Deaner admitted that quip brought tears to his own eyes.

But although hopes are high that Muamba will one day make a full recovery, the doctor did sound a cautious note when asked if the former England Under-21 international would ever again play top-level football.

He added: “He’s made a remarkable recovery so far. We don’t want to get ahead of ourselves.

"As things stand, I think his life is not in danger at this time. His neurological function is looking very good but it is early days.”

Dealer said the emergency aid given to Muamba on the pitch had been exemplary, to the extent that footage of the incident could be used as a textbook case to school medics on how to deal with a complex cardiac arrest.

It was the club doctor, Tobin, who gave Muamba mouth to mouth in an effort to restore his respiratory function, a procedure he administered in front of almost 40,000 football fans.

“I can’t begin to explain the pressure that was there,” Tobin said.

“As I was running on to the pitch, once I got there, my focus was entirely on Fabrice. I wasn’t aware that players had gathered around. From a personal point of view, this is Fabrice.

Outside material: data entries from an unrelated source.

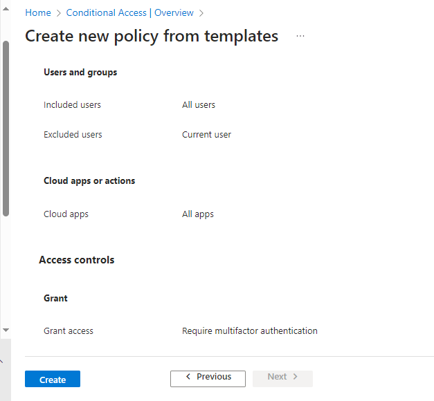 Currently we can see that this policy applies to all apps and all users, but don’t worry we can change these if required after the policy is created.
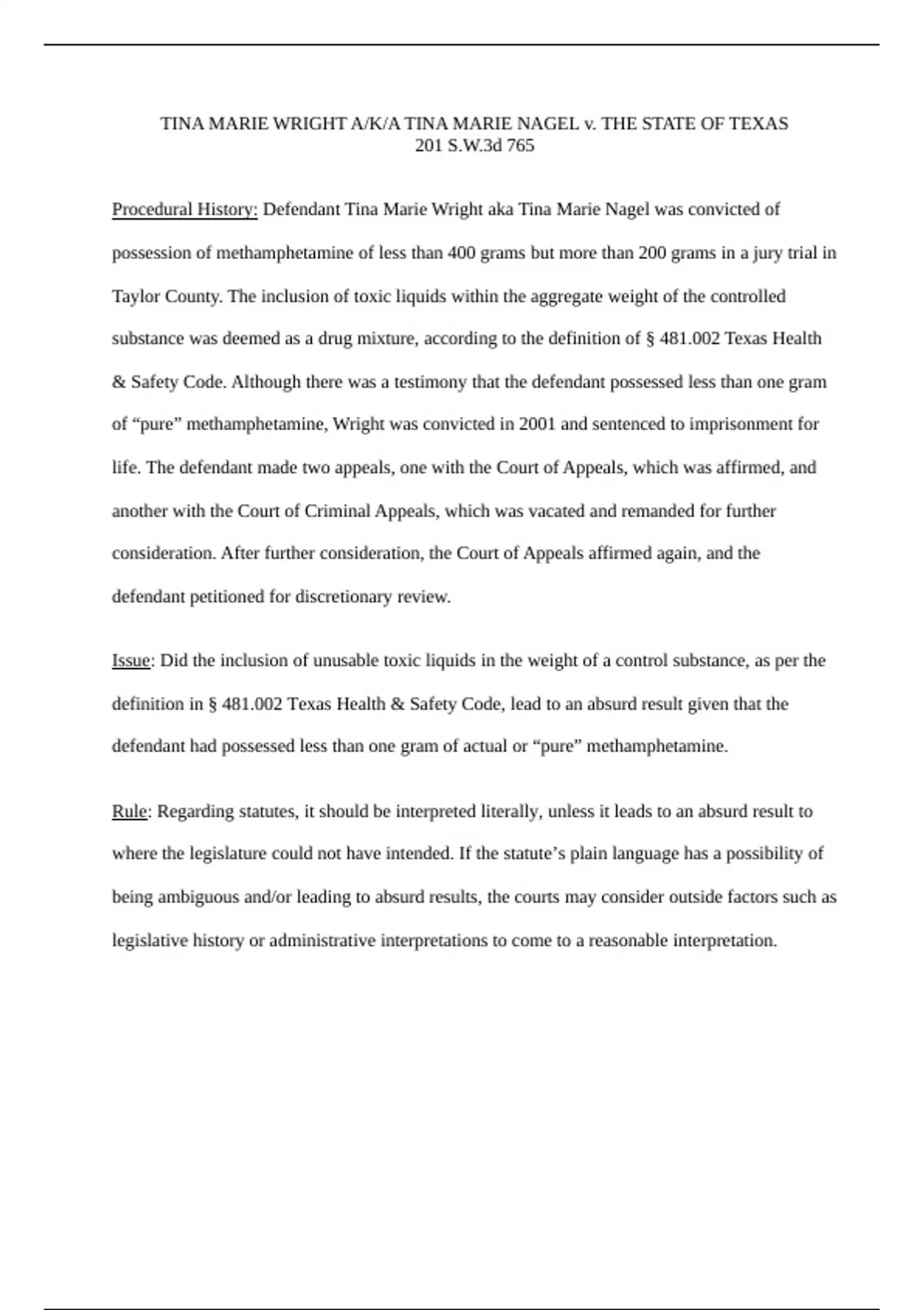 Procedural History: Defendant Tina Marie Wright aka Tina Marie Nagel was convicted of
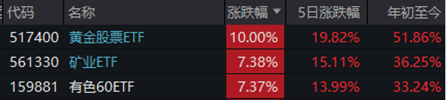 现货黄金价格加速上冲站上5200美元/盎司整数关口,黄金股票、有色金属板块大涨。截至收盘,SSH黄金股票(931238.CSI)指数单日涨7.87%、有色矿业(931892.CSI)指数单日涨6.68%、国证有色(399395.SZ)指数单日涨6.31%。
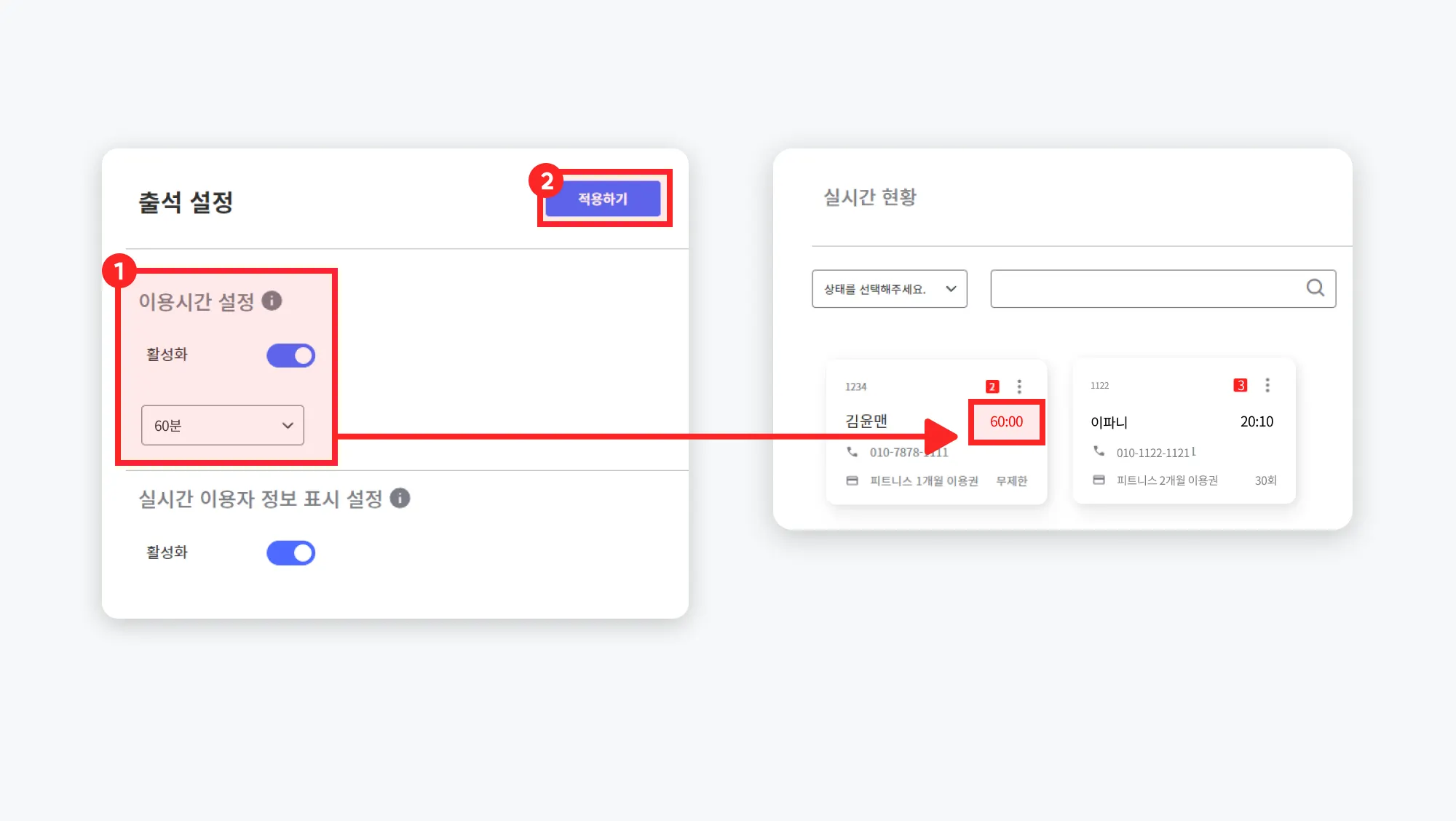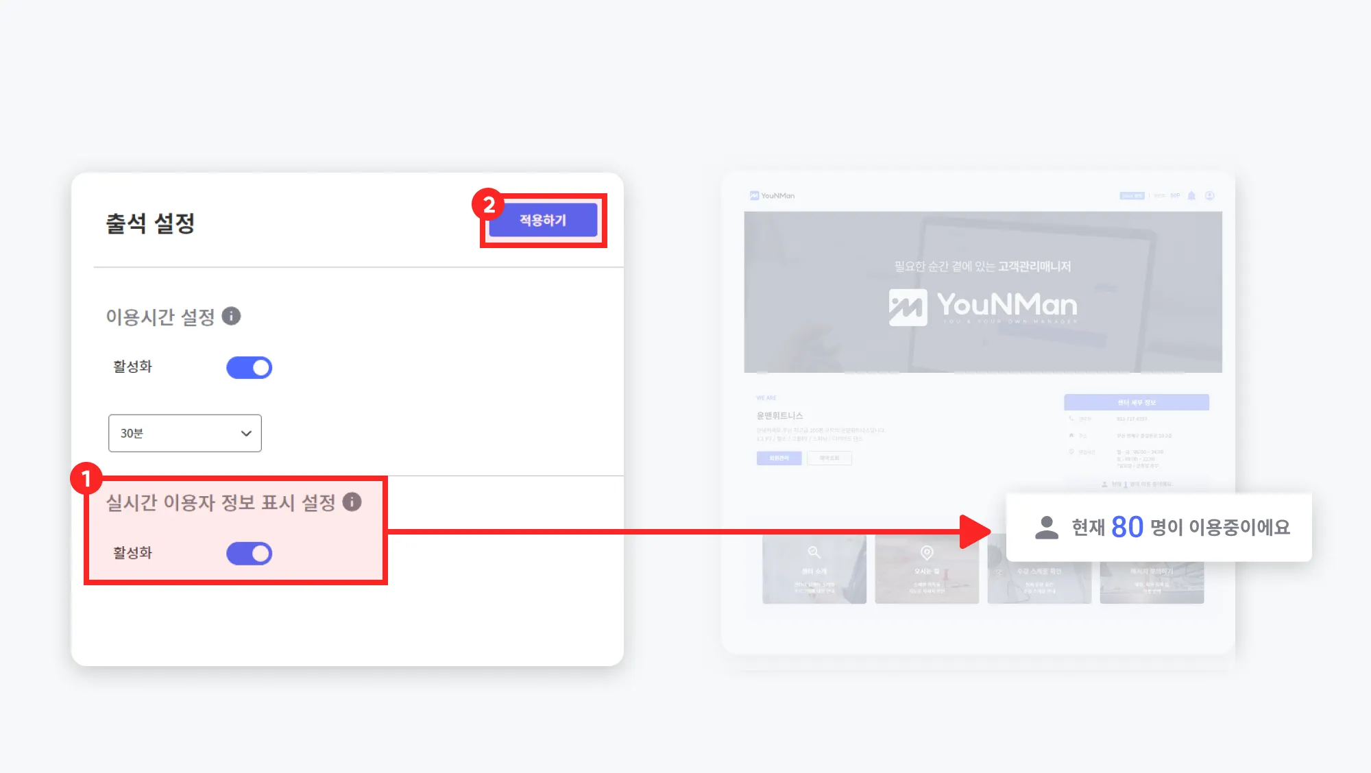 이용시간 및 실시간 이용자 정보 표시를 설정할 수 있는 방법입니다.
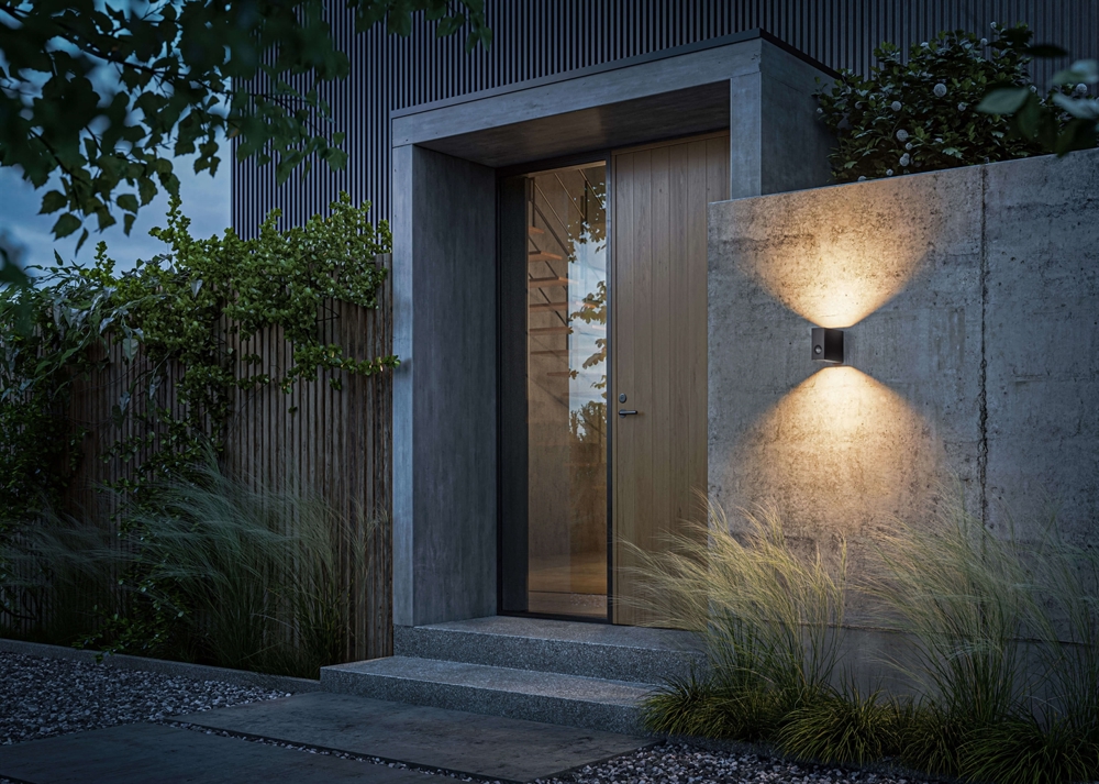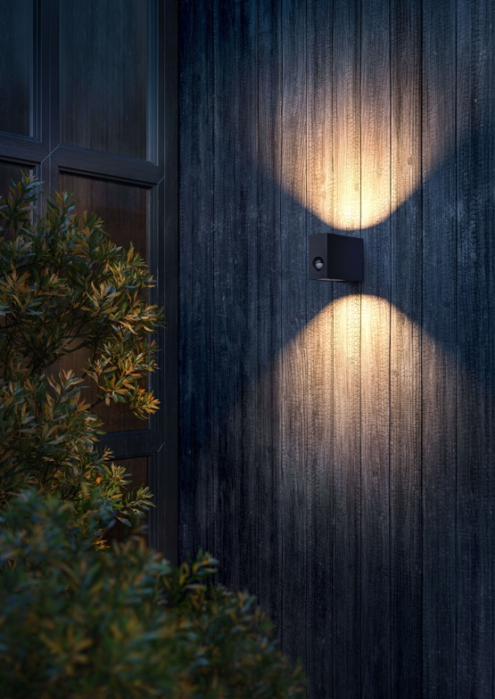 Eye Control aus pulverbeschichtetem Druckguss-Aluminium ist eine stilvolle Außenleuchte mit Bewegungssensor und einem guten Licht, das sowohl nach oben als auch nach unten gerichtet ist. Die funktionale Außenwandleuchte in Schwarz ist eine der Varianten von IP44.de mit Küstenqualität-Finish, das sie besonders korrosionsbeständig macht. Die Haltbarkeit wurde in einem Labor mit einem Salzsprühnebeltest geprüft.
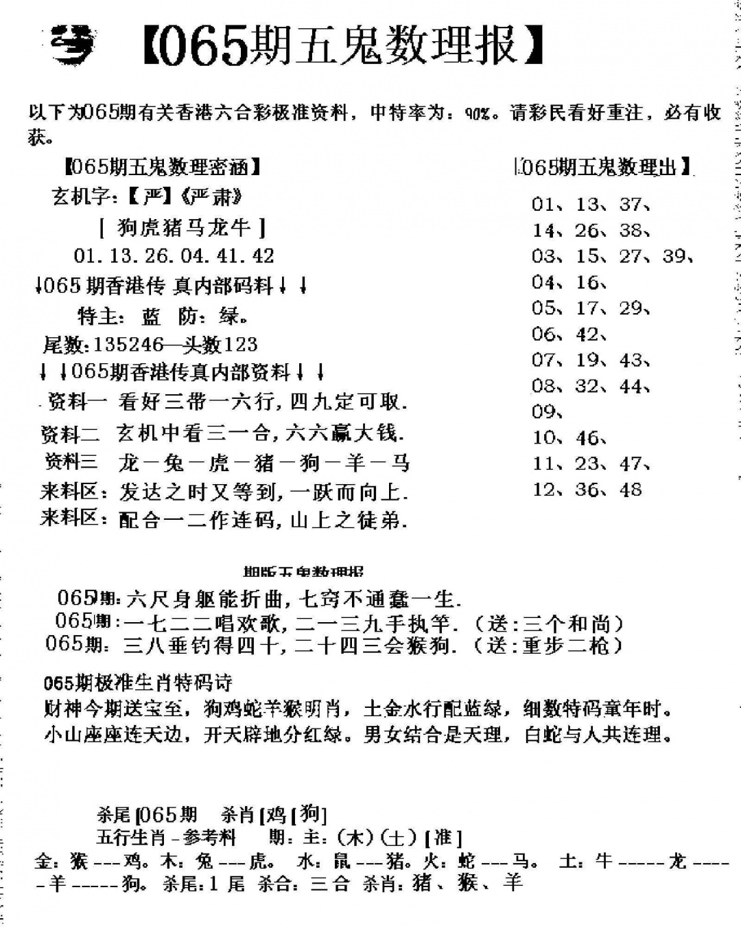 065期五鬼数理报[图]
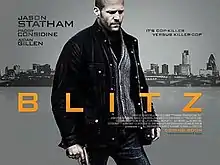 Blitz is a 2011 British action thriller film directed by Elliott Lester and starring Jason Statham, Paddy Considine, Aidan Gillen and David Morrissey.[2] The film is based on the novel of the same name by Ken Bruen, which features his recurring characters Detective Sergeant Tom Brant and Chief Inspector James Roberts.[3] The narrative follows a violent police officer trying to catch a serial killer who has been murdering police officers in South East London.
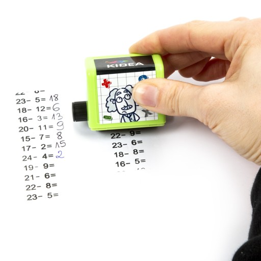 Математичний принтердля навчання kide множення. Цей унікальний роликовий штамп дозволяє створювати до100 різних комбінаційматематичні операції - просто змініть налаштування чисел за допомогою ручки.
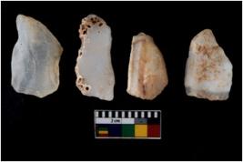 | Description / विवरण | There are n 4 flake cores. All of them are fully fluted flake cores without any trace of crested ridge flakes. They are blunted edges whereas few have tapering edges. |
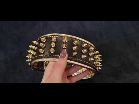 Das Halsband GOLD GIANT ist ein klassisches Modell mit einer Verzierung aus 12 mm langen, vergoldeten, messingfarbenen Schraubspitzen. Es besteht aus dickem Leder höchster Qualität und bietet Stärke und Haltbarkeit. Das weiche Innenkissen und das 100 % Lammfell sorgen für Komfort und höchste Qualität.
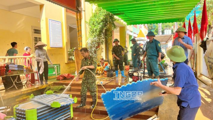 Bên cạnh đó, các tổ chức đoàn thể cũng huy động lực lượng tham gia vệ sinh môi trường, khơi thông cống rãnh, thu gom bùn đất và rác thải sau lũ. Tại các khu phố bị ngập, không khí khắc phục hậu quả diễn ra khẩn trương, đồng lòng.
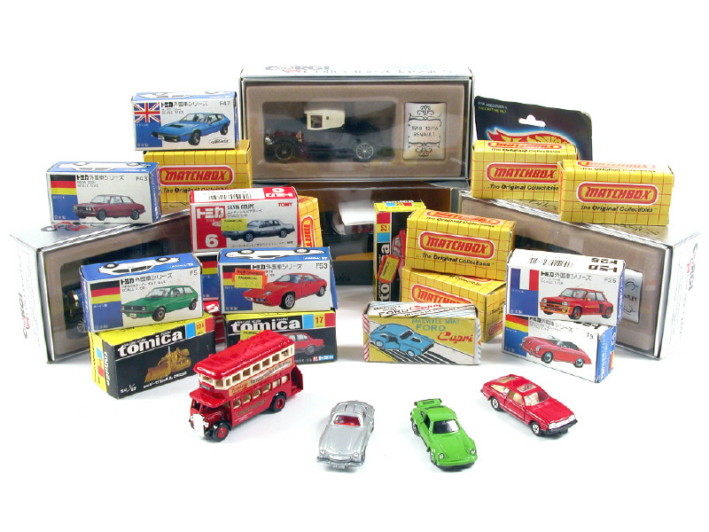 miniatures reproduisant les modèles : PORSCHE,TOYOTA, LOTUS, RENAULT, AUDI, SAUBER, MERCEDES, WILLYS, CHEVROLET, NISSAN, FERRARI, VOLKSWAGEN, MAZDA, BENTLEY & BMW - on y retrouve notamment les marques : MATCHBOX, TOMICA DANDY, HOT WHEELS, MAXWELL, DAYS GONE & CORGI TOYS - une voiture dans une boîte non conforme & une autre sous blister jamais ouvert - un véhicule sans boîte - miniatures de petites échelles à l'exception des CORGI TOYS
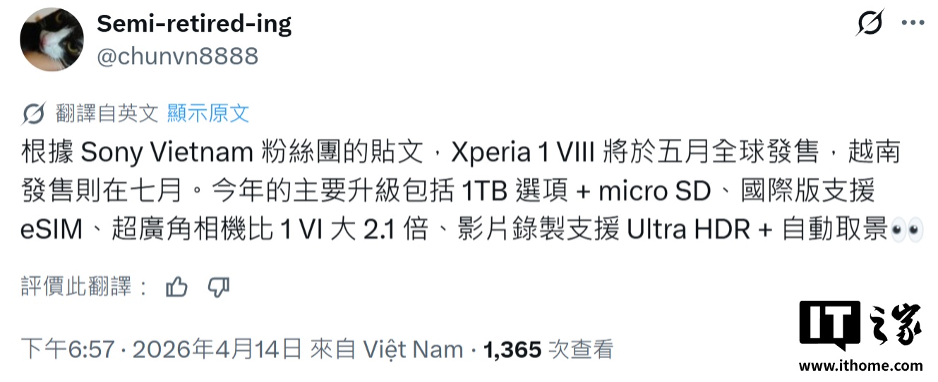 IT之家 4 月 17 日消息,消息人士 @chunvn8888 本周二(4 月 14 日)在 X 平台发文称,据索尼越南 Facebook 粉丝团爆料,索尼 Xperia 1 VIII 手机全球版将在今年 5 月发布,越南版则是 7 月发售。
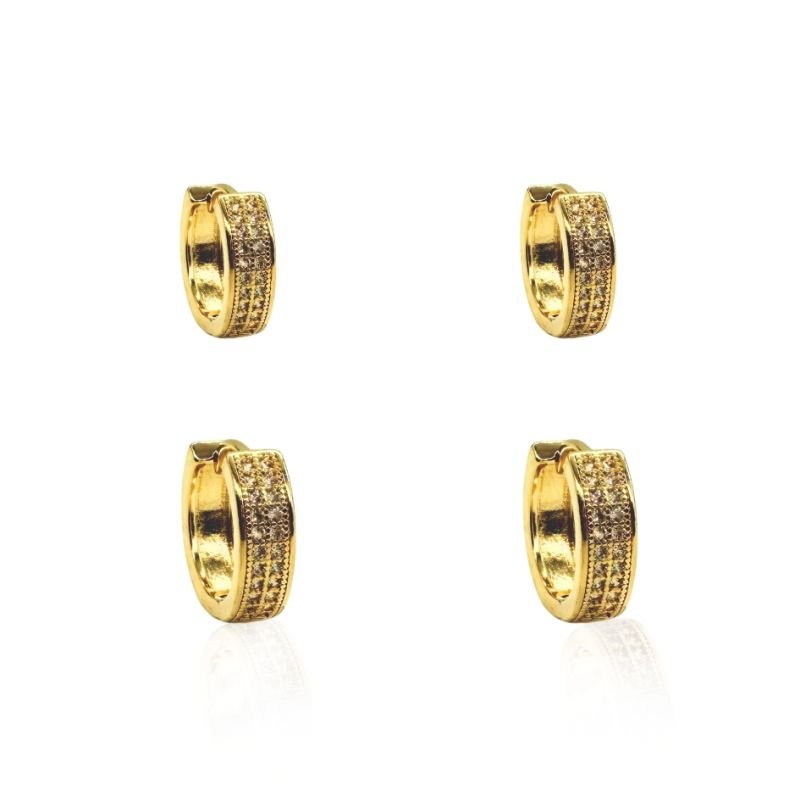 Duo de brincos de argolas banhados a ouro, adornados com delicadas zircônias que garantem brilho sofisticado em qualquer ocasião. O conjunto traz argolas em dois tamanhos diferentes, perfeitas para compor combinações modernas e versáteis. Fecho click prático e seguro.
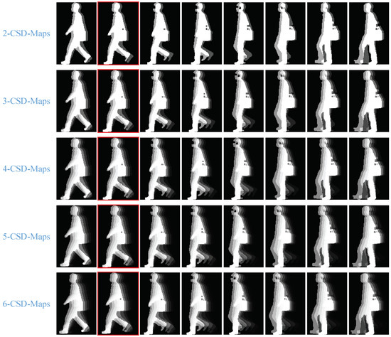 Suppose that there are n consecutive silhouettes images , , ..., and . The n-CSD-maps can be formulated as following:
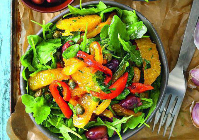7. Плотно закройте контейнер и поставьте салат мариноваться в холодильник на час, можно на ночь. Перед подачей достаньте салат с печеными перцами и анчоусами из холодильника перемешайте его с руколой и сбрызните оливковым маслом.

“This isn’t somebody that’s gone down in the street or been brought into A&E.

"This is somebody that I know: I know his family. This is somebody I consider a friend, this is somebody I joke with on a daily basis.

“Fabrice was in a type of cardiac arrest where the heart is showing lots of electrical activity but no muscular activity. It’s something that often responds to drugs and shocks.

“Fabrice had, in total, 15 shocks. He had a further 12 shocks in the ambulance [after three at the ground].”

But when the incident was three days behind him, medics felt able to convey to the player exactly what he has been through.

“I’m glad to say that the early signs of recovery have continued,” Tobin said.

“I went to see Fabrice on Tuesday night. I went in and he said, ‘hi, doc’.

"I asked him how he was and he said ‘fine’.

"I explained to him what had happened. That’s the sort of level of communication I have had with Fabrice.”

After all he had witnessed, Tobin will never forget the moment he knew Muamba’s cognitive functions were returning.

That moment came when Tobin, who had been holding Muamba’s hand while he lay in his bed, felt his own hand squeezed by the player’s grip.

“It was just incredible, I can’t describe it really,” he said.

Tobin, though added a further not of caution. He said: "This is a first step in a long, long road.

"But this is a family club and we look after our own. I think the overexcited talk of Fabrice returning to football is irrelevant. He’s still in intensive care and unaware of anything that has been said about him.

"He doesn’t know the implications this has had on the whole planet.

The importance of an immediate response to such a problem was highlighted yesterday when an Indian player died after collapsing on the pitch during a district-level league match.

Bangalore Mars striker D Venkatesh, 27, collapsed following a cardiac arrest at the Bangalore Football Stadium.

With no ambulance around, his team-mates hired a tuk-tuk to take him to a local hospital where Venkatesh was declared dead.